Towards a terradynamics of legged locomotion on homogeneous and Heterogeneous granular media through robophysical approaches

Qian, Feifei 07 January 2016 (has links)
The objective of this research is to discover principles of ambulatory locomotion on homogeneous and heterogeneous granular substrates and create models of animal and robot interaction within such environments. Since interaction with natural substrates is too complicated to model, we take a robophysics approach – we create a terrain generation system where properties of heterogeneous multi-component substrates can be systematically varied to emulate a wide range of natural terrain properties such as compaction, orientation, obstacle shape/size/distribution, and obstacle mobility within the substrate. A schematic of the proposed system is discussed in detail in the body of this dissertation. Control of such substrates will allow for the systematic exploration of parameters of substrate properties, particularly substrate stiffness and heterogeneities. With this terrain creation system, we systematically explore locomotor strategies of simplified laboratory robots when traversing over different terrain properties.
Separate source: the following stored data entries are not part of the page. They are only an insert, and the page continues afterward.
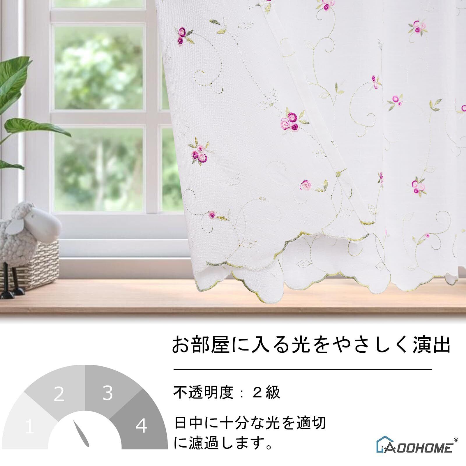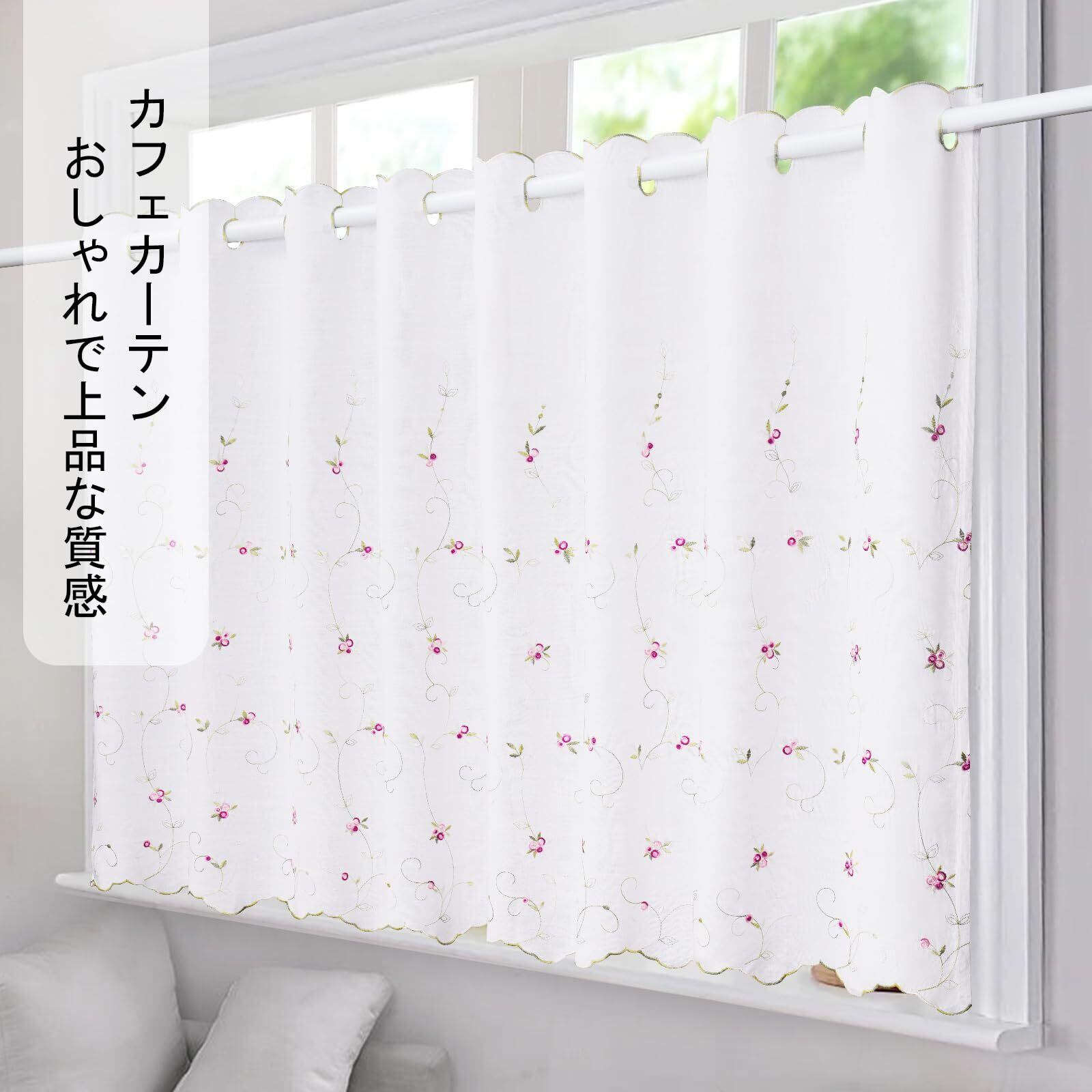 【可愛い花刺繍】可愛い花の刺繍があらわ、お部屋がが明るい雰囲気になり。目隠しでキッチンやトイレの小窓やお部屋の間仕切り等によく使っています。ドレープ感があります。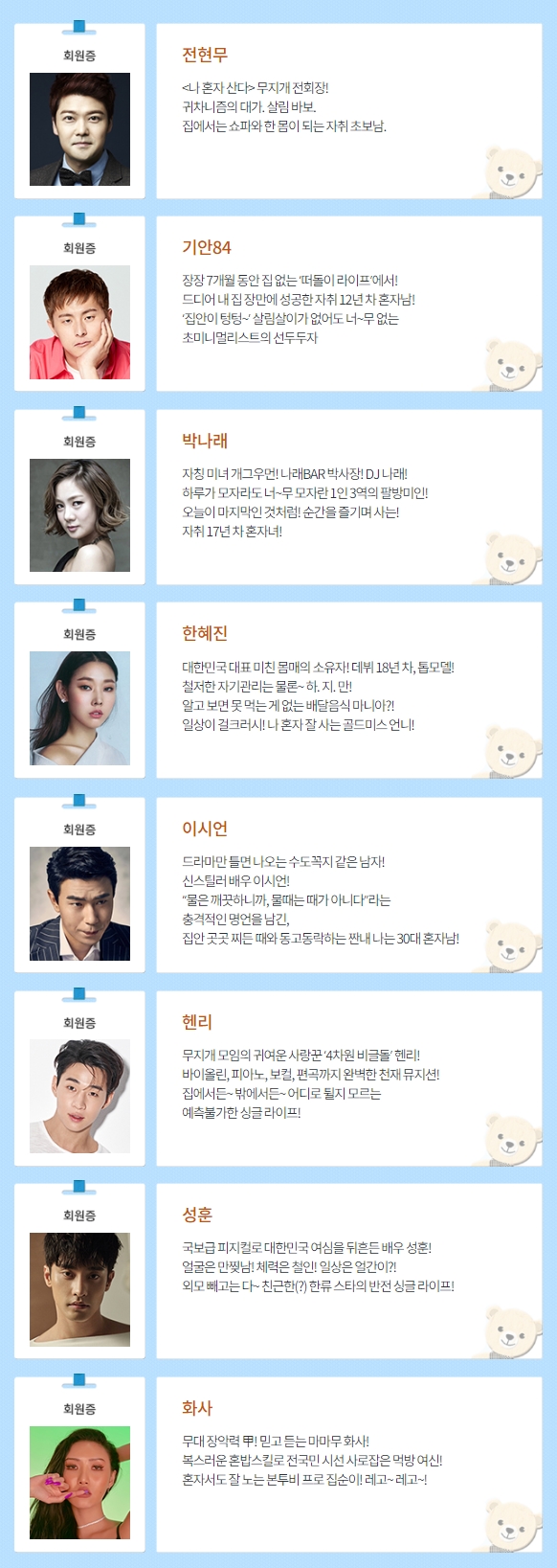 출연진 - 박나래, 이시언, 기안84, 성훈, 헨리, 화사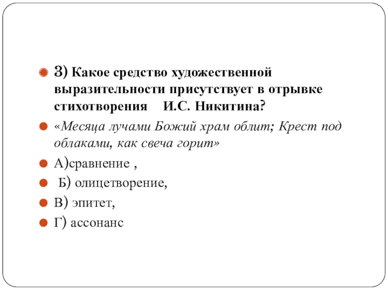 Слайд 43) Какое средство художественной выразительности присутствует в отрывке стихотворения И.С.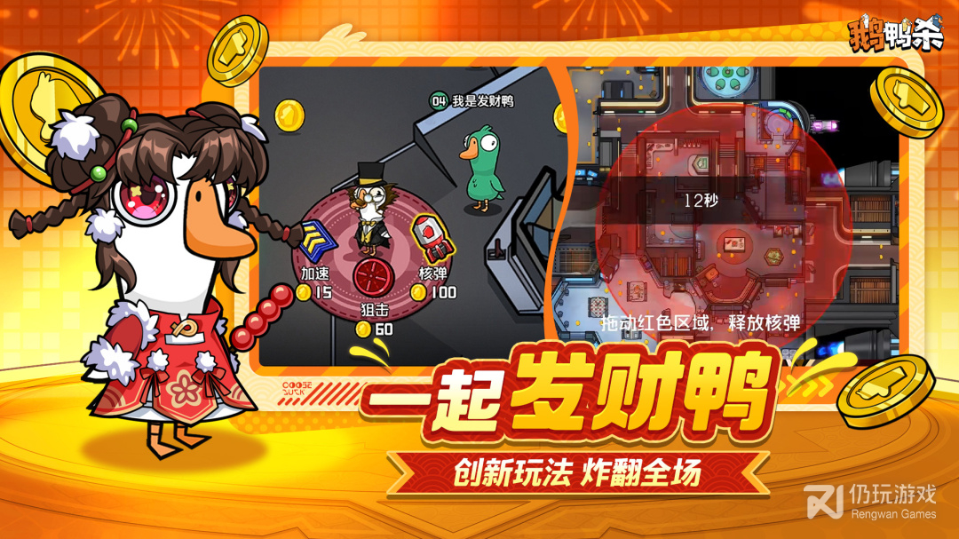 鹅鸭杀,这个游戏中的玩家可以进行在线的联机合作,还可以相互之间完成斗智斗勇的挑战,整个过程所能增加的乐趣也会更多,和熟悉的玩家进行对战,得到的刺激性也会更强大。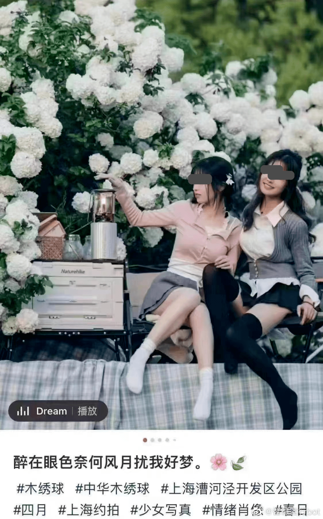 看是是妥妥的小绿书精致生活的打卡典范吧:两个女孩,白瘦幼,青蓝滤镜,树下打卡,微风不燥,生活美好是吧。

A key feature of this proposed work is the ability to generate general interaction models of locomotor appendages with such complex substrates. These models will aid in the design and control of future robots with morphologies and control strategies that allow for effective navigation on a large diversity of terrains, expanding the scope of terramechanics from large tracked and treaded vehicles on homogeneous ground to arbitrarily shaped and actuated locomotors moving on complex heterogeneous terrestrial substrates.